Your task -
The pictures stay out. Please retype every line below exactly.

───── Data below ─────

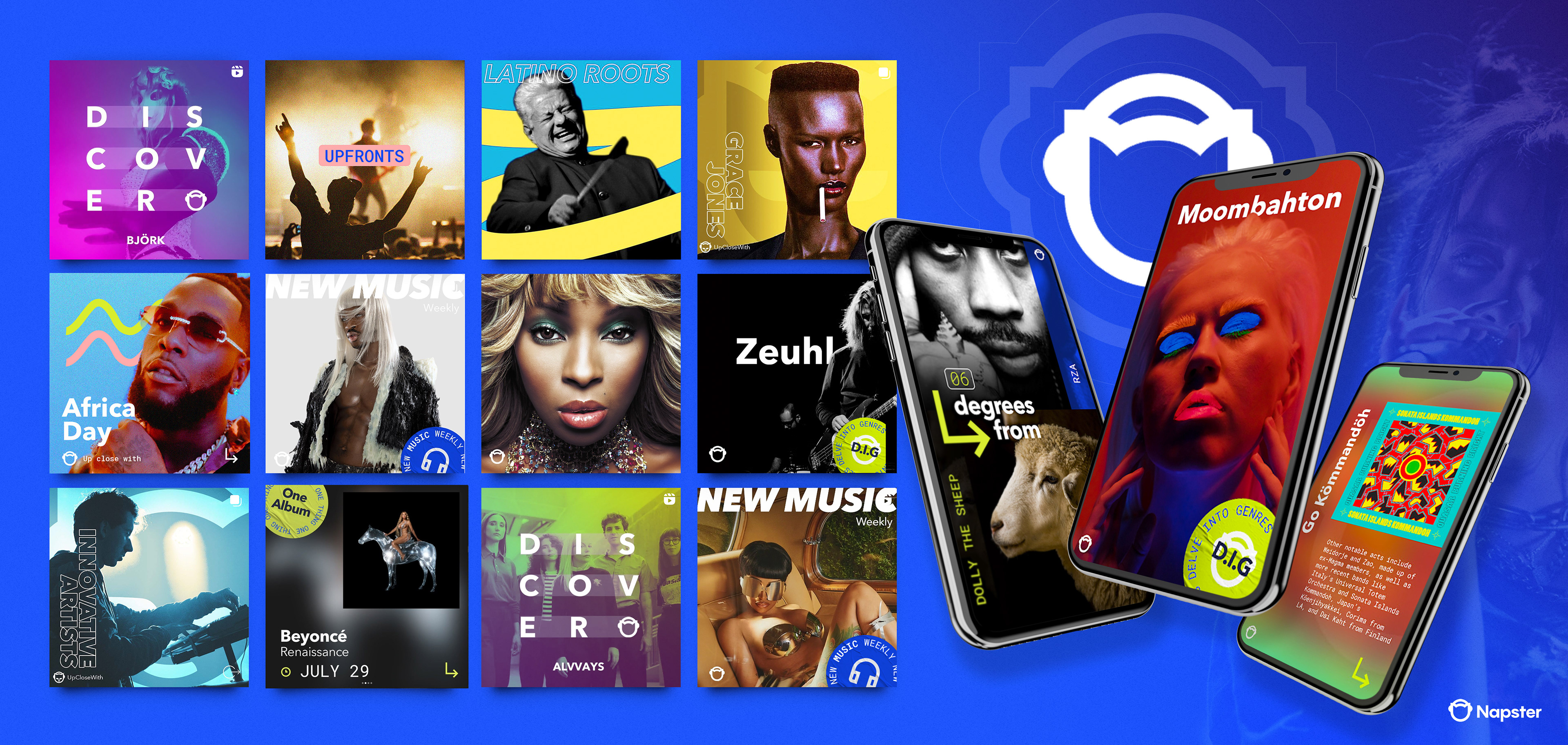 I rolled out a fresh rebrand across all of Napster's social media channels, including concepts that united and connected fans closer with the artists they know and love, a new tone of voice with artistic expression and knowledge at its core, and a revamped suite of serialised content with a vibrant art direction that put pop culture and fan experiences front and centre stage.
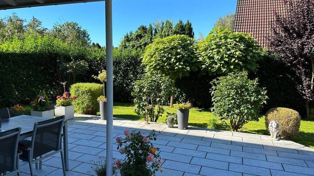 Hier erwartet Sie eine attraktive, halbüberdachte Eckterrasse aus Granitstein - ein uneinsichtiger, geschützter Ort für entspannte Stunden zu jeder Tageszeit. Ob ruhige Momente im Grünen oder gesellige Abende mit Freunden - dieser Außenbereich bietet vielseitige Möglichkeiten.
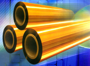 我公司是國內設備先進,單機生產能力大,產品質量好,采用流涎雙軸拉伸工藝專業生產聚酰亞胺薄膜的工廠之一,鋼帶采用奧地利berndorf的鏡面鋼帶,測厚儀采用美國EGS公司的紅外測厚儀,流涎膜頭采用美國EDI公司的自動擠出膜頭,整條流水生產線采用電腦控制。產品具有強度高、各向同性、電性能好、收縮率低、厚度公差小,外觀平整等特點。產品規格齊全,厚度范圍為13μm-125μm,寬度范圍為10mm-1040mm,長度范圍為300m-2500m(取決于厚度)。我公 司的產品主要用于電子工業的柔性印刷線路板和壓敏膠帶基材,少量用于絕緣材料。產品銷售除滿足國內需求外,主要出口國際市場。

─────

Response -
 I rolled out a fresh rebrand across all of Napster's social media channels, including concepts that united and connected fans closer with the artists they know and love, a new tone of voice with artistic expression and knowledge at its core, and a revamped suite of serialised content with a vibrant art direction that put pop culture and fan experiences front and centre stage.
 Hier erwartet Sie eine attraktive, halbüberdachte Eckterrasse aus Granitstein - ein uneinsichtiger, geschützter Ort für entspannte Stunden zu jeder Tageszeit. Ob ruhige Momente im Grünen oder gesellige Abende mit Freunden - dieser Außenbereich bietet vielseitige Möglichkeiten.
 我公司是國內設備先進,單機生產能力大,產品質量好,采用流涎雙軸拉伸工藝專業生產聚酰亞胺薄膜的工廠之一,鋼帶采用奧地利berndorf的鏡面鋼帶,測厚儀采用美國EGS公司的紅外測厚儀,流涎膜頭采用美國EDI公司的自動擠出膜頭,整條流水生產線采用電腦控制。產品具有強度高、各向同性、電性能好、收縮率低、厚度公差小,外觀平整等特點。產品規格齊全,厚度范圍為13μm-125μm,寬度范圍為10mm-1040mm,長度范圍為300m-2500m(取決于厚度)。我公 司的產品主要用于電子工業的柔性印刷線路板和壓敏膠帶基材,少量用于絕緣材料。產品銷售除滿足國內需求外,主要出口國際市場。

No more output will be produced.